▸ EXERCISE: Without reproducing any image, print the listing below exactly.

▸ INFORMATION PROVIDED:
- Opening Delimiter -
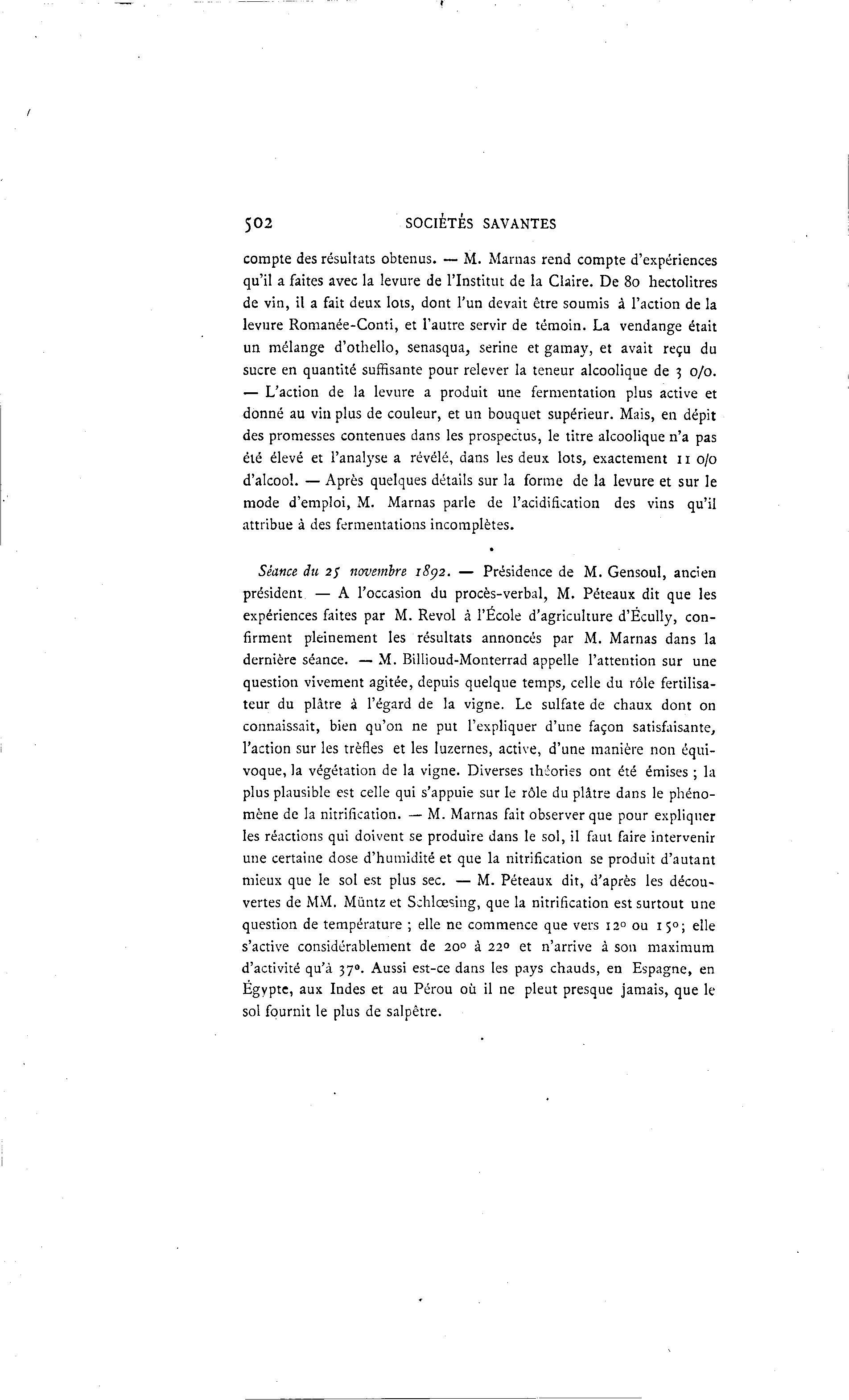 502 SOCIÉTÉS SAVANTES compte des résultats obtenus. — M. Marnas rend compte d'expériences qu'il a faites avec la levure de l'Institut de la Claire. De 80 hectolitres de vin, il a fait deux lots, dont l'un devait être soumis à l'action de la levure Romanée-Conti, et l'autre servir de témoin. La vendange était un mélange d'othello, senasqua, serine et gamay, et avait reçu du sucre en quantité suffisante pour relever la teneur alcoolique de 3 0/0. — L'action de la levure a produit une fermentation plus active et donné au vin plus de couleur, et un bouquet supérieur. Mais, en dépit des promesses contenues dans les prospectus, le titre alcoolique n'a pas été élevé et l'analyse a révélé, dans les deux lots, exactement 11 0/0 d'alcool. — Après quelques détails sur la forme de la levure et sur le mode d'emploi, M. Marnas parle de l'acidification des vins qu'il attribue à des fermentations incomplètes. Séance au 2 / novembre 1892. — Présidence de M. Gensoul, ancien président — A l'occasion du procès-verbal, M. Péteaux dit que les expériences faites par M. Revol à l'École d'agriculture d'Écully, con- firment pleinement les résultats annoncés par M. Marnas dans la dernière séance. — M. Billioud-Monterrad appelle l'attention sur une question vivement agitée, depuis quelque temps, celle du rôle fertilisa- teur du plâtre à l'égard de la vigne. Le sulfate de chaux dont on connaissait, bien qu'on ne put l'expliquer d'une façon satisfaisante, l'action sur les trèfles et les luzernes, active, d'une manière non équi- voque, la végétation de la vigne. Diverses théories ont été émises ; la plus plausible est celle qui s'appuie sur le rôle du plâtre dans le phéno- mène de la nitrification. — M. Marnas fait observer que pour expliquer les réactions qui doivent se produire dans le sol, il faut faire intervenir une certaine dose d'humidité et que la nitrification se produit d'autant mieux que le sol est plus sec. — M. Péteaux dit, d'après les décou- vertes de MM. Mùntzet Schlœsing, que la nitrification est surtout une question de température ; elle ne commence que vers 120 ou 15°; elle s'active considérablement de 20 0 à 22 0 et n'arrive à son maximum d'activité qu'à 37 0 . Aussi est-ce dans les pays chauds, en Espagne, en Egypte, aux Indes et au Pérou où il ne pleut presque jamais, que le sol fournit le plus de salpêtre.
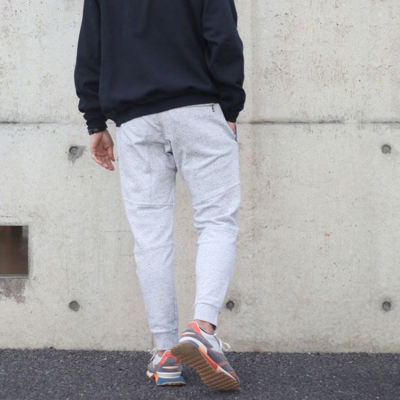 ノームコアがトレンドの昨今のファッションスタイルに合わせて爆発的人気となっているジョガーパンツをゼインローブ流に仕上げたのがこちらのスウェットジョガー。
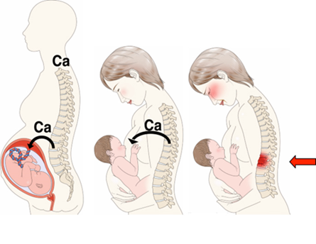 Ở giai đoạn cho bú, cơ thể người mẹ tăng tiết hormone prolactin và giảm estrogen. Estrogen có vai trò bảo vệ xương; khi giảm xuống mức thấp, quá trình hủy xương diễn ra mạnh hơn. Đồng thời, hormone PTHrP (parathyroid hormone-related protein) tăng lên để điều chỉnh canxi huy động từ xương vào sữa, vô tình làm tăng tốc độ mất xương.
- Closing Delimiter -
▸ RESPONSE:
 502 SOCIÉTÉS SAVANTES compte des résultats obtenus. — M. Marnas rend compte d'expériences qu'il a faites avec la levure de l'Institut de la Claire. De 80 hectolitres de vin, il a fait deux lots, dont l'un devait être soumis à l'action de la levure Romanée-Conti, et l'autre servir de témoin. La vendange était un mélange d'othello, senasqua, serine et gamay, et avait reçu du sucre en quantité suffisante pour relever la teneur alcoolique de 3 0/0. — L'action de la levure a produit une fermentation plus active et donné au vin plus de couleur, et un bouquet supérieur. Mais, en dépit des promesses contenues dans les prospectus, le titre alcoolique n'a pas été élevé et l'analyse a révélé, dans les deux lots, exactement 11 0/0 d'alcool. — Après quelques détails sur la forme de la levure et sur le mode d'emploi, M. Marnas parle de l'acidification des vins qu'il attribue à des fermentations incomplètes. Séance au 2 / novembre 1892. — Présidence de M. Gensoul, ancien président — A l'occasion du procès-verbal, M. Péteaux dit que les expériences faites par M. Revol à l'École d'agriculture d'Écully, con- firment pleinement les résultats annoncés par M. Marnas dans la dernière séance. — M. Billioud-Monterrad appelle l'attention sur une question vivement agitée, depuis quelque temps, celle du rôle fertilisa- teur du plâtre à l'égard de la vigne. Le sulfate de chaux dont on connaissait, bien qu'on ne put l'expliquer d'une façon satisfaisante, l'action sur les trèfles et les luzernes, active, d'une manière non équi- voque, la végétation de la vigne. Diverses théories ont été émises ; la plus plausible est celle qui s'appuie sur le rôle du plâtre dans le phéno- mène de la nitrification. — M. Marnas fait observer que pour expliquer les réactions qui doivent se produire dans le sol, il faut faire intervenir une certaine dose d'humidité et que la nitrification se produit d'autant mieux que le sol est plus sec. — M. Péteaux dit, d'après les décou- vertes de MM. Mùntzet Schlœsing, que la nitrification est surtout une question de température ; elle ne commence que vers 120 ou 15°; elle s'active considérablement de 20 0 à 22 0 et n'arrive à son maximum d'activité qu'à 37 0 . Aussi est-ce dans les pays chauds, en Espagne, en Egypte, aux Indes et au Pérou où il ne pleut presque jamais, que le sol fournit le plus de salpêtre.
 ノームコアがトレンドの昨今のファッションスタイルに合わせて爆発的人気となっているジョガーパンツをゼインローブ流に仕上げたのがこちらのスウェットジョガー。
 Ở giai đoạn cho bú, cơ thể người mẹ tăng tiết hormone prolactin và giảm estrogen. Estrogen có vai trò bảo vệ xương; khi giảm xuống mức thấp, quá trình hủy xương diễn ra mạnh hơn. Đồng thời, hormone PTHrP (parathyroid hormone-related protein) tăng lên để điều chỉnh canxi huy động từ xương vào sữa, vô tình làm tăng tốc độ mất xương.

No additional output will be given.